Digital art and collectibles happen to be one of the earliest use cases for NFTs, which have resonated widely with the public. This type of token has sparked interest in the crypto space, but I believe the rise of NFT projects like Bored Apes and NBA Top Shot has led the general public to underestimate the other utility that comes from deploying unique digital assets on a trusted settlement layer like the Ethereum blockchain.

Conceptually, NFTs can also be applied to many use cases beyond digital collectibles. If a product or service requires the ability to verify the ownership and scarcity of a specific digital asset, then NFTs on a public blockchain come into play.

For example, concert venues might use NFTs instead of tickets, or video game designers could turn hard-to-obtain assets in games into NFTs, allowing users to transfer or trade them.

This concept can also take on new forms: some assets can be both fungible and non-fungible, depending on the set they are compared to. For instance, if I own a 19th-century $1 old coin and place it as a collectible in a glass jar. Clearly, this $1 (non-fungible!) is entirely different from a crumpled-up new dollar bill stuffed in my pocket.

However, if I take the $1 from the glass jar to Starbucks, they (might) be willing to accept it. This is because, to some extent, it is interchangeable with other $1 bills, even though from another perspective, they are entirely different.

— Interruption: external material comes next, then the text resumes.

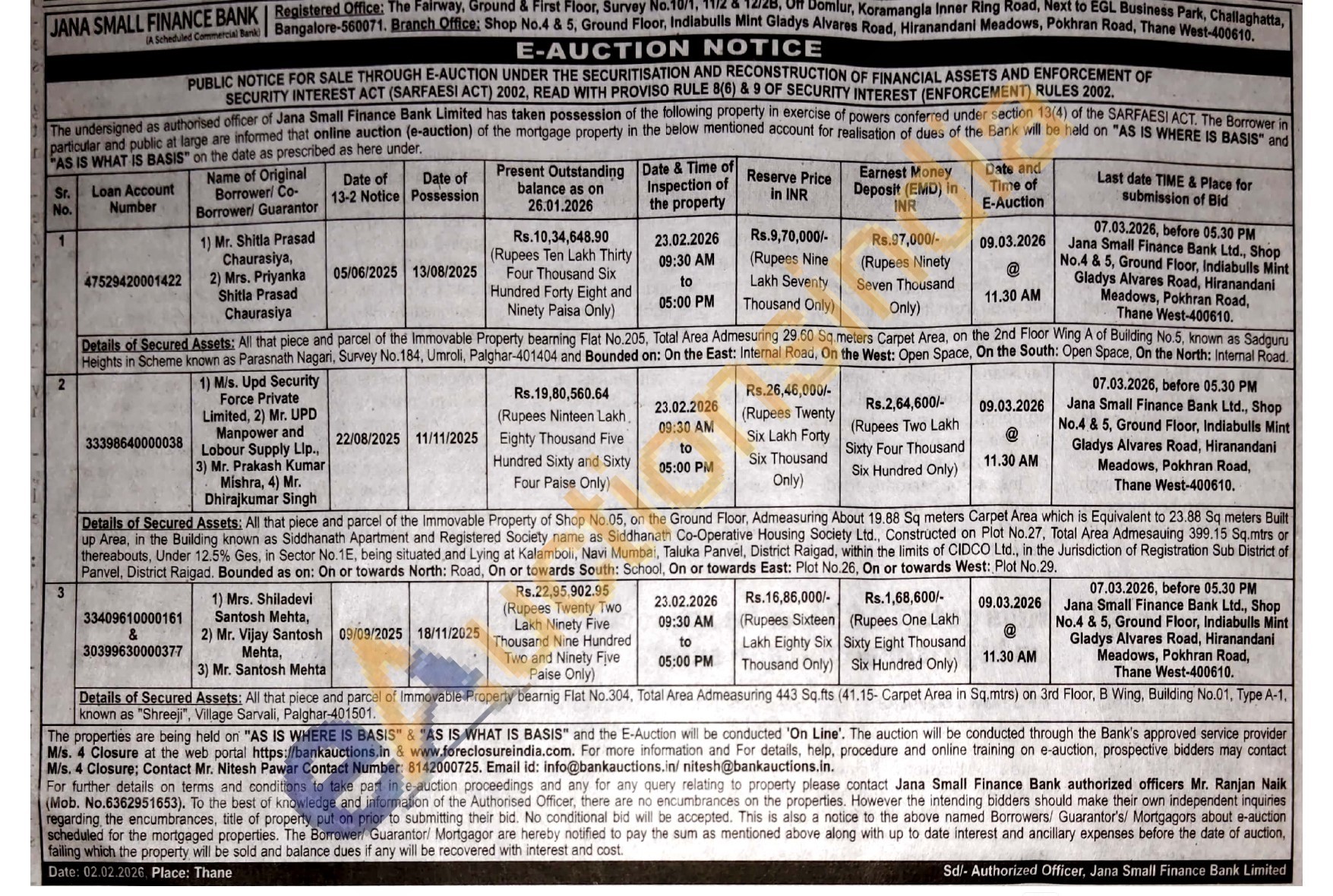 Details of Secured Assets; All that piece and parcel of Immovable Property bearnig Flat No.304, Total Area Admeasuring 443 Sq.fts (41.15- Carpet Area in Sq.mtrs) on 3rd Floor, B Wing, Building No.01, Type A-1, known as "Shreeji", Village Sarvali, Palghar-401501

Source: Graphical Guide to Understanding Uniswap

Ethereum 201 - Further Insights

In this section, I will explain why gas costs are high, how composability works, and how users interact with applications built on Ethereum.

Gas - Every interaction with the Ethereum blockchain incurs a cost (gas), which depends on how much computational power the Ethereum Virtual Machine consumes to run that specific code.

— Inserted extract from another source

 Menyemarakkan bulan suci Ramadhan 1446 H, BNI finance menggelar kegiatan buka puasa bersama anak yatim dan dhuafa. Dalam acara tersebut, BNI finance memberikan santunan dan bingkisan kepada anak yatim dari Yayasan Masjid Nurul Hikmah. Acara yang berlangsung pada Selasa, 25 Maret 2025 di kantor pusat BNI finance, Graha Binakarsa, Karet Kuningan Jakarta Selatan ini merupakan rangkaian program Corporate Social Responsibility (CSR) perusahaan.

Since each block on the blockchain can only accommodate a fixed number of transactions, the concept of gas helps Ethereum allocate scarce block space resources.

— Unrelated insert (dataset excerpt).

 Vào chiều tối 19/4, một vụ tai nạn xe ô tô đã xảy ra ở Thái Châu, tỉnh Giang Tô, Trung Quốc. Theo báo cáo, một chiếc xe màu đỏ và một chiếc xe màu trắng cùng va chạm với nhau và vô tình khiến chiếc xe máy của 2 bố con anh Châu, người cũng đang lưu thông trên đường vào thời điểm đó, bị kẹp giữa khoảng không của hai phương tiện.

More complex transactions may require paying more gas to complete. For example, sending Ether from one wallet to another might only require running a few lines of code on the virtual machine, so it requires less gas than a computation-heavy interaction, such as exchanging tokens on a decentralized exchange (see the decentralized finance section below for more).

You can think of gas as similar to the service fees charged by centralized credit card companies.

For example, Visa, which has been created, operated, and maintained since the 1950s, charges a fixed fee of 3% on all transactions using the Visa network.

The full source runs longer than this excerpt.